About this exercise
Look through the data below and say how many of its lines contain "East", adding nothing else.
*** Opening Dataset records ***
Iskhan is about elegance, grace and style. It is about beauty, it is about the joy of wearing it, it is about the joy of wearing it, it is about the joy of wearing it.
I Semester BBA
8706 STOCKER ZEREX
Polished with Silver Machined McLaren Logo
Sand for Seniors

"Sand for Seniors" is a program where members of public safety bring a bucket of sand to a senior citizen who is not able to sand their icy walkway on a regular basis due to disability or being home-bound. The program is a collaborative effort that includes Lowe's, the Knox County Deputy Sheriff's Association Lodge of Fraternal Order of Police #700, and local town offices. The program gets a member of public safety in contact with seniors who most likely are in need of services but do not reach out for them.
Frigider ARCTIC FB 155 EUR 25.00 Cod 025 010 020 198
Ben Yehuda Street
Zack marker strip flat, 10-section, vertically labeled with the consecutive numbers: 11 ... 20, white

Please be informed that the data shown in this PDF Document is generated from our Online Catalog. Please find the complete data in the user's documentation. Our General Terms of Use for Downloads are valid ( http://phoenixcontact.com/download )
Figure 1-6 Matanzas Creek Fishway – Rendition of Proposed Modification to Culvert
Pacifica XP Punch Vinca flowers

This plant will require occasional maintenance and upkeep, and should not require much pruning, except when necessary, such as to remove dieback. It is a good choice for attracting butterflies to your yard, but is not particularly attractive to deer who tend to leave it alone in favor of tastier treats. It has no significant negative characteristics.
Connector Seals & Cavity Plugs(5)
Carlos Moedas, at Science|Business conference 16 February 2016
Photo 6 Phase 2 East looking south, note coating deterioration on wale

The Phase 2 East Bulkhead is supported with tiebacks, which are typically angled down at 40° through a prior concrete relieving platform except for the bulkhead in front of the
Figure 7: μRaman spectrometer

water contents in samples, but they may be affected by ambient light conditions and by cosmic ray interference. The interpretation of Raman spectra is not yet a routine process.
*** Closing Dataset records ***
*** Opening Dataset records ***
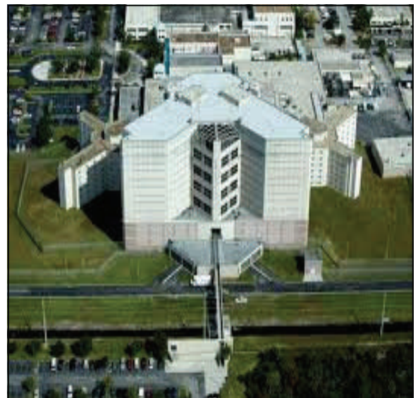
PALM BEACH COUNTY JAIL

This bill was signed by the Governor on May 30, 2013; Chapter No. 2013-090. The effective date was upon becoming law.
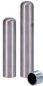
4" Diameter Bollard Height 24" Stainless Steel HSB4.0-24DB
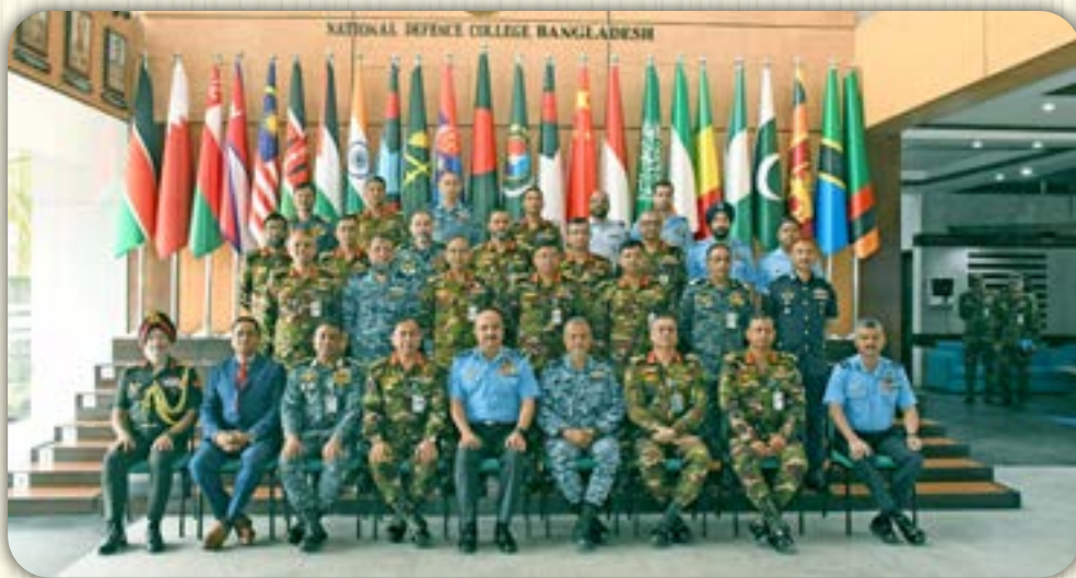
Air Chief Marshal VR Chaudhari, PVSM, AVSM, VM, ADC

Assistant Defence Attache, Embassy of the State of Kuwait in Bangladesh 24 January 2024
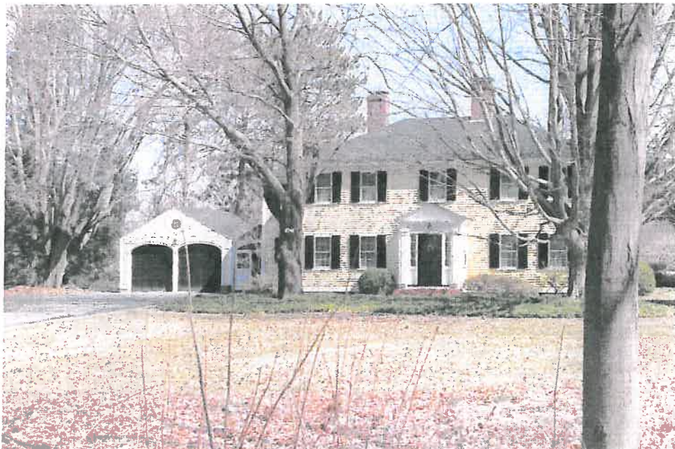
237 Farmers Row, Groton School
*** Closing Dataset records ***
*** Opening Dataset records ***
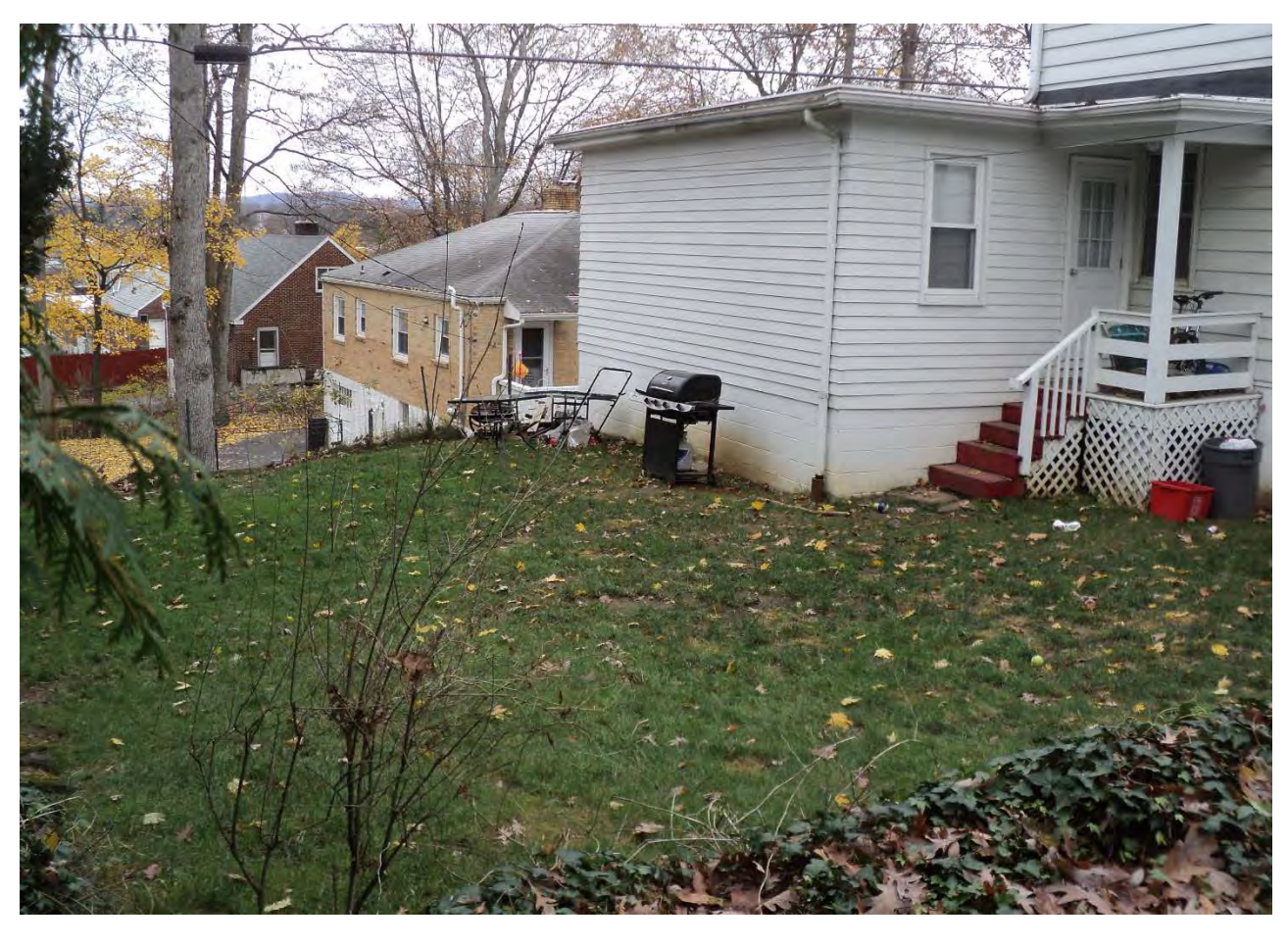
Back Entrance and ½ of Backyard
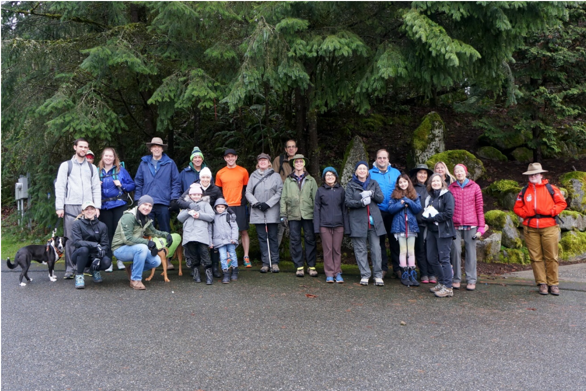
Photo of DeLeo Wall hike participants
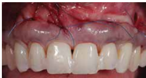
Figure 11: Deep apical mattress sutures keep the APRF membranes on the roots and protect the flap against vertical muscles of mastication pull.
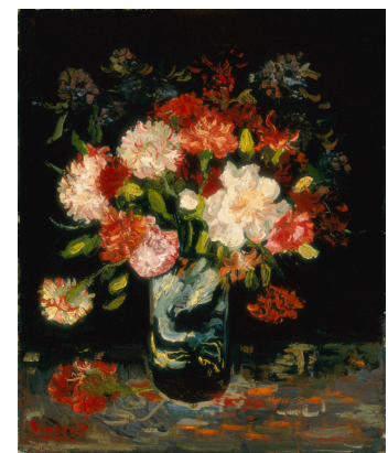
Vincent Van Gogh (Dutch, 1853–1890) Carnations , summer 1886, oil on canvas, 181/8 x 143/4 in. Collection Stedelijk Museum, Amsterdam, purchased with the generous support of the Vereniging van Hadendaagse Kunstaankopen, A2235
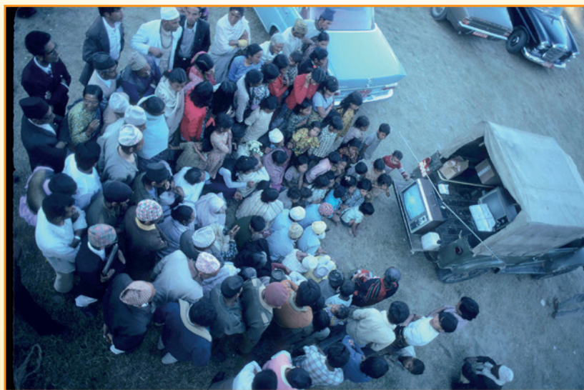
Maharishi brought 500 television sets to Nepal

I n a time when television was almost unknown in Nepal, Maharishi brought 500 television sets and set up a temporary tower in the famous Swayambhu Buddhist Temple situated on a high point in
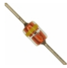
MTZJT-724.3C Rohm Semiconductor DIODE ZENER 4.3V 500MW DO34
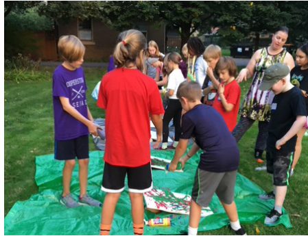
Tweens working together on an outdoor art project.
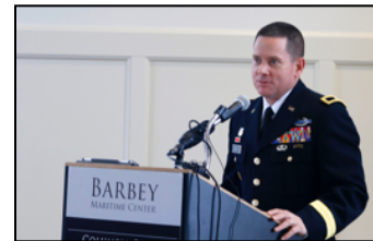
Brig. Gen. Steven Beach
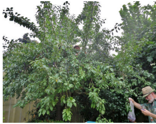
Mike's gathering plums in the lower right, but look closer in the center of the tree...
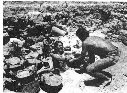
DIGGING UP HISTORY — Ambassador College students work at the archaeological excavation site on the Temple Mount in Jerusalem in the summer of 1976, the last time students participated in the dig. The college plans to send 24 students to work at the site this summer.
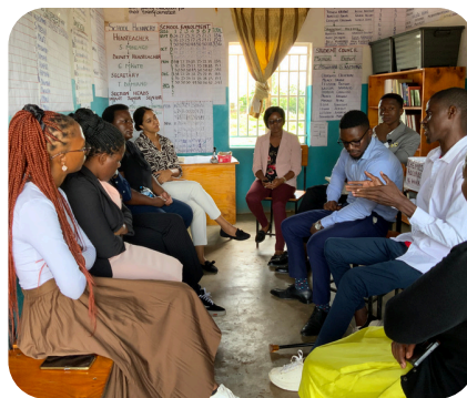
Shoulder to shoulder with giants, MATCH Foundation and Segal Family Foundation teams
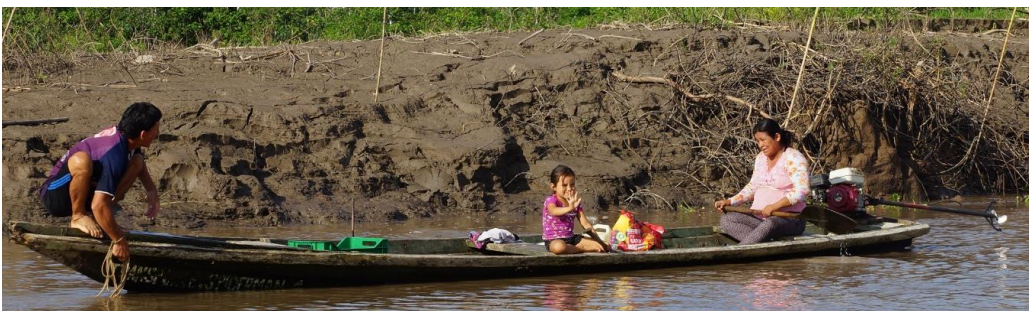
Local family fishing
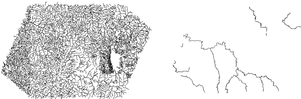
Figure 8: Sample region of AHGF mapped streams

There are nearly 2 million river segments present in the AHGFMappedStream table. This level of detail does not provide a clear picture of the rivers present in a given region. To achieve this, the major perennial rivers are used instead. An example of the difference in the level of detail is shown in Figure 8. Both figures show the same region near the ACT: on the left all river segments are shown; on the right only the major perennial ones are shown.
*** Closing Dataset records ***
Completed task
2